→ **EXTRACTED RECORDS**:
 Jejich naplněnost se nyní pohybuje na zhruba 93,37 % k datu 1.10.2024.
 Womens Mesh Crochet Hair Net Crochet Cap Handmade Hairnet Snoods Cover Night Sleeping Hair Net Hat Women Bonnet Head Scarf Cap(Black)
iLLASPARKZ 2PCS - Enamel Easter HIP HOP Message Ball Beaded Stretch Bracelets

...

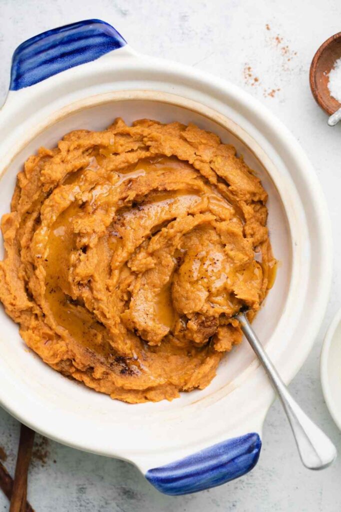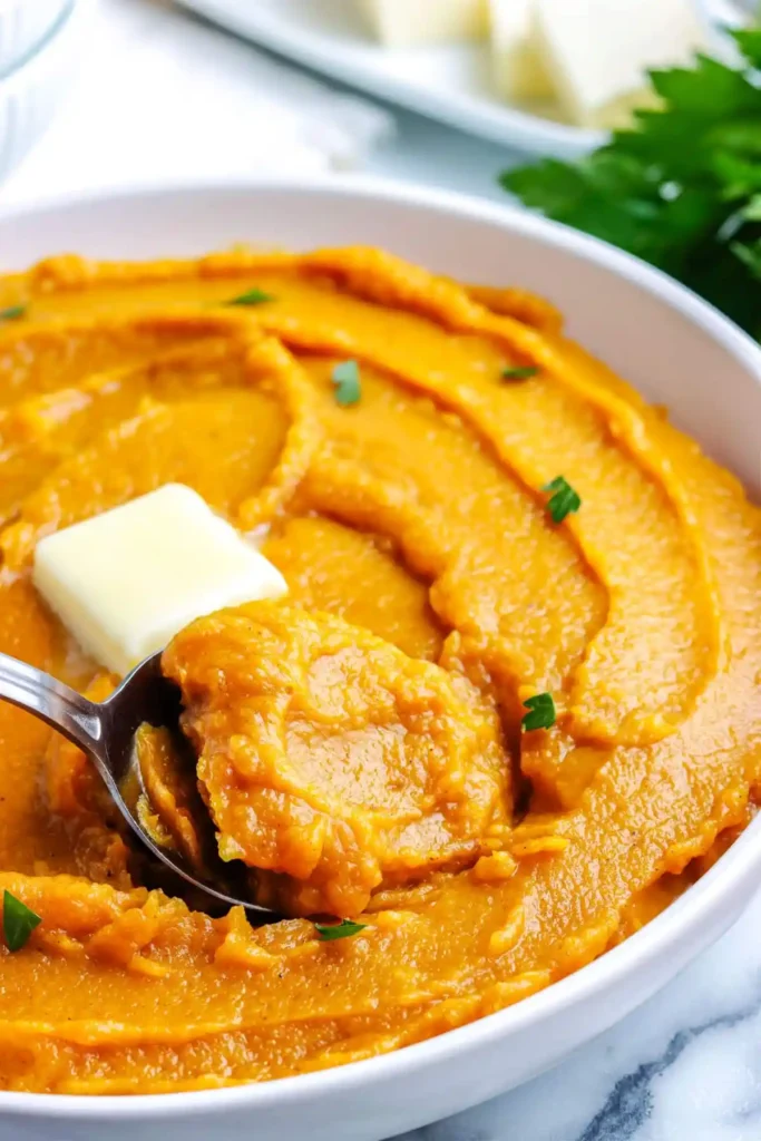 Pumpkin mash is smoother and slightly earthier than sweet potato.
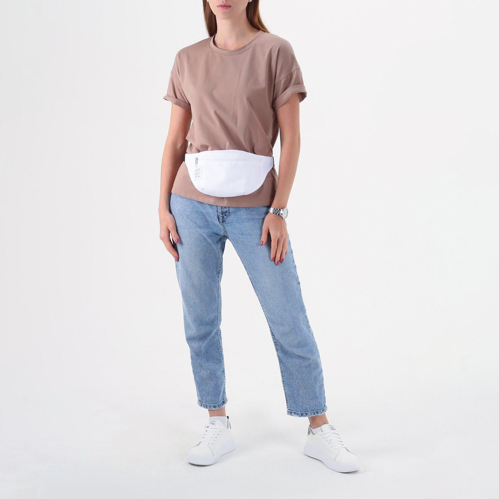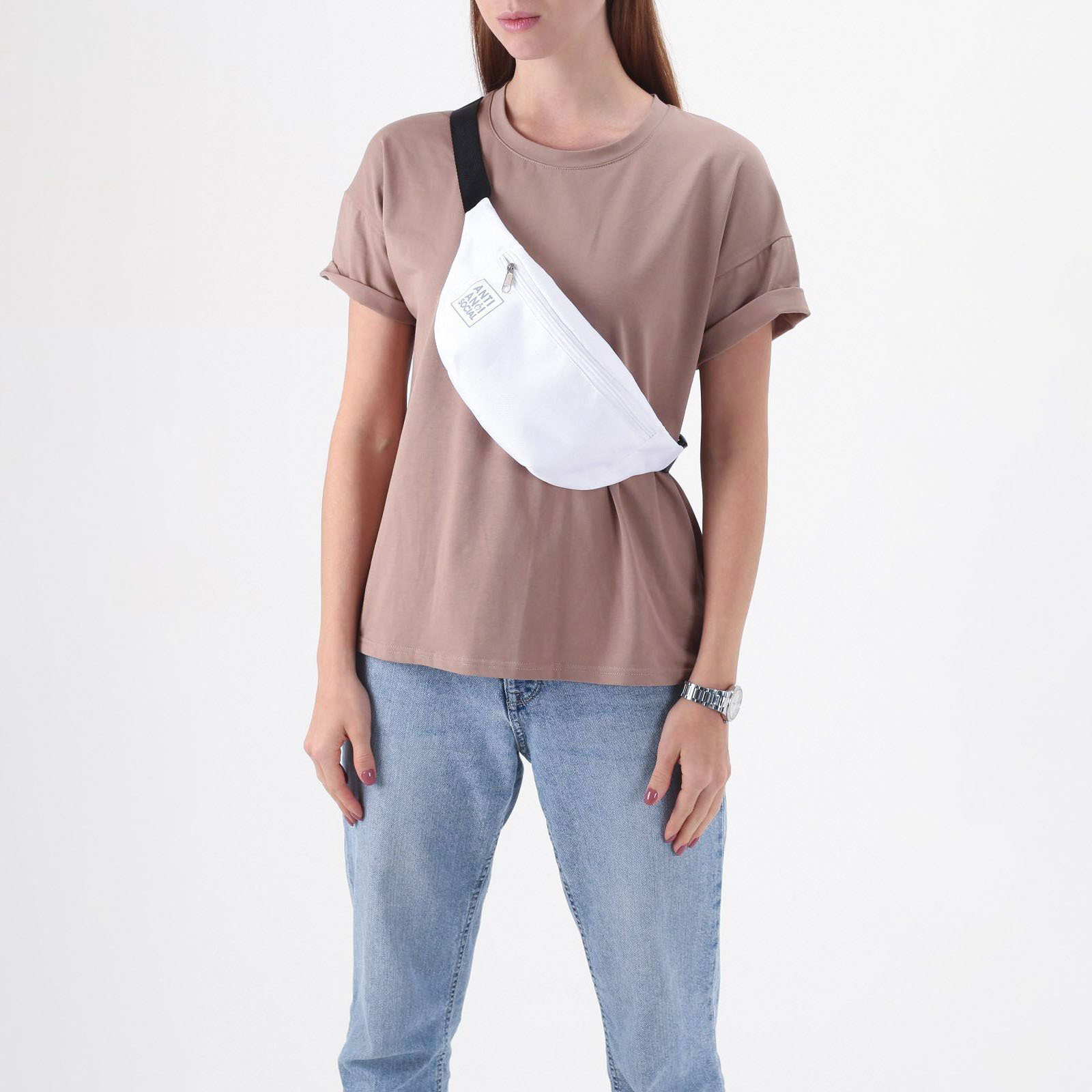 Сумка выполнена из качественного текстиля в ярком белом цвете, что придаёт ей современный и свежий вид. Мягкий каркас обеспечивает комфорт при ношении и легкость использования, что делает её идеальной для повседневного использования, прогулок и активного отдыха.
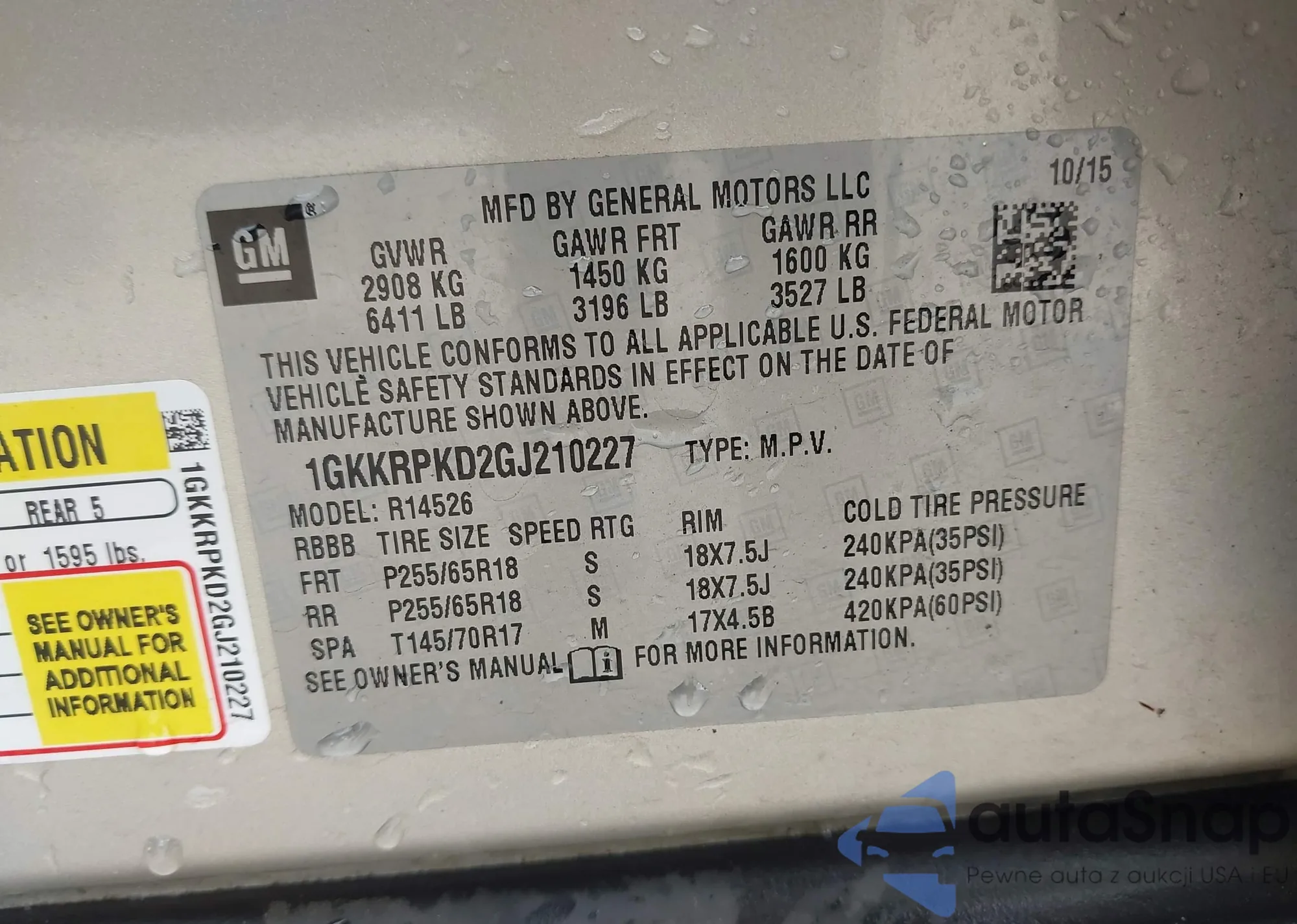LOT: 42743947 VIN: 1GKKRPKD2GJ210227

* * *

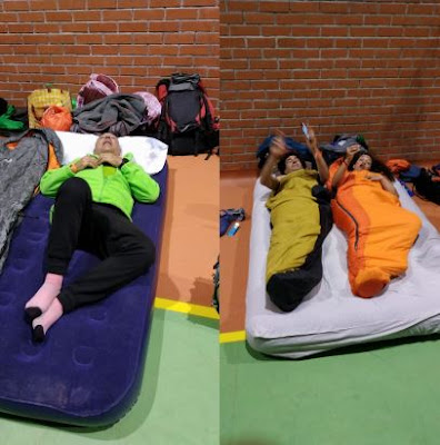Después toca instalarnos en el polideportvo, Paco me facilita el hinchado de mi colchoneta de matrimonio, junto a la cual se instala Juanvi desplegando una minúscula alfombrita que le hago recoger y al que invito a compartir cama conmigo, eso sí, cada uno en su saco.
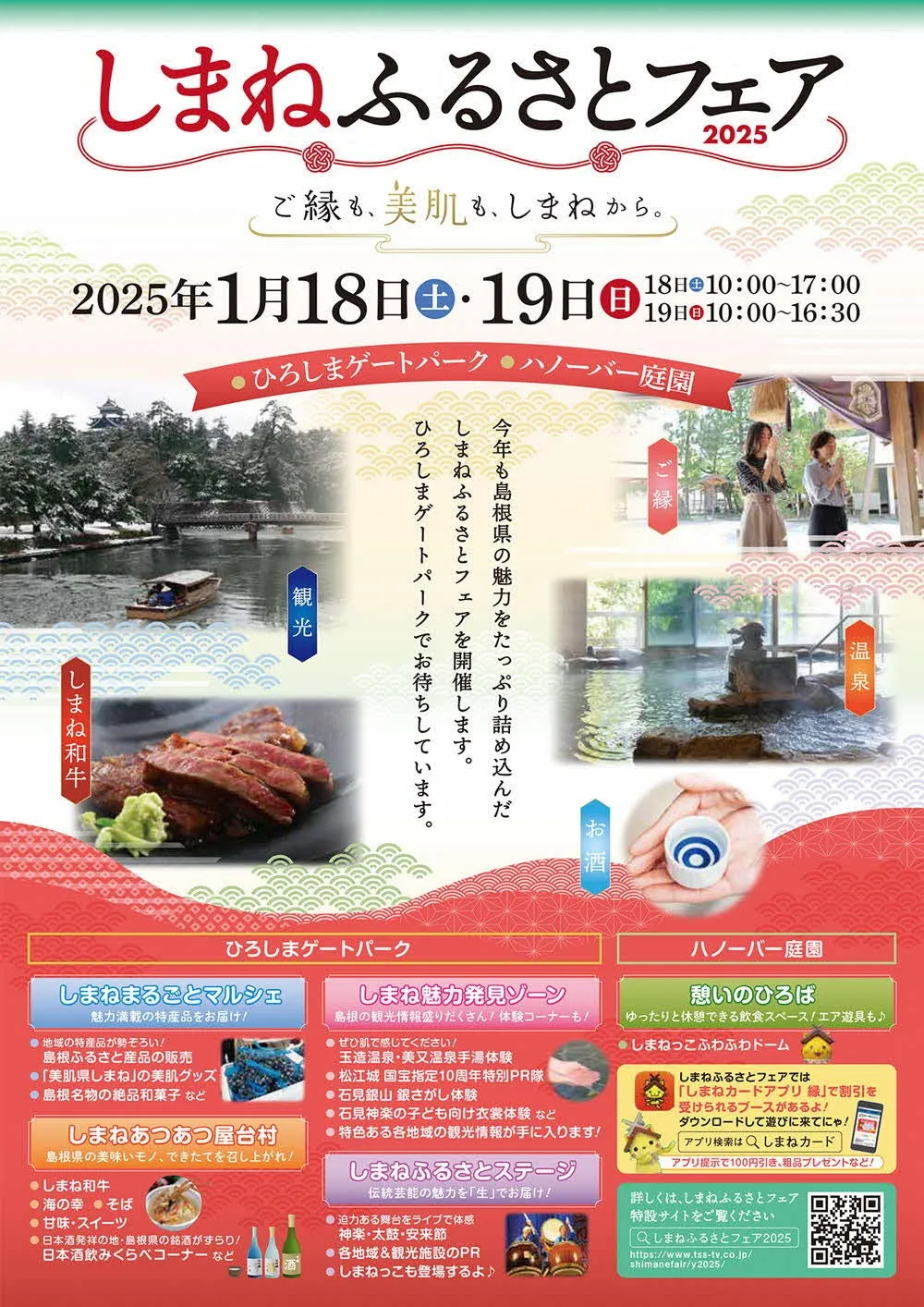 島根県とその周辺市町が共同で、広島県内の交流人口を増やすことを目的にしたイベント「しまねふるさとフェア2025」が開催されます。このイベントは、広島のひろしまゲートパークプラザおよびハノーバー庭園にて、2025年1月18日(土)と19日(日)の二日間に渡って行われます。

→ **EXERCISE DESCRIPTION**: In the listing above, find the line containing "Womens Mesh Crochet" and the line containing "iLLASPARKZ 2PCS - Enamel", then retype both and every line between them exactly, with nothing else.

→ **EXPECTED ANSWER**:
 Womens Mesh Crochet Hair Net Crochet Cap Handmade Hairnet Snoods Cover Night Sleeping Hair Net Hat Women Bonnet Head Scarf Cap(Black)
iLLASPARKZ 2PCS - Enamel Easter HIP HOP Message Ball Beaded Stretch Bracelets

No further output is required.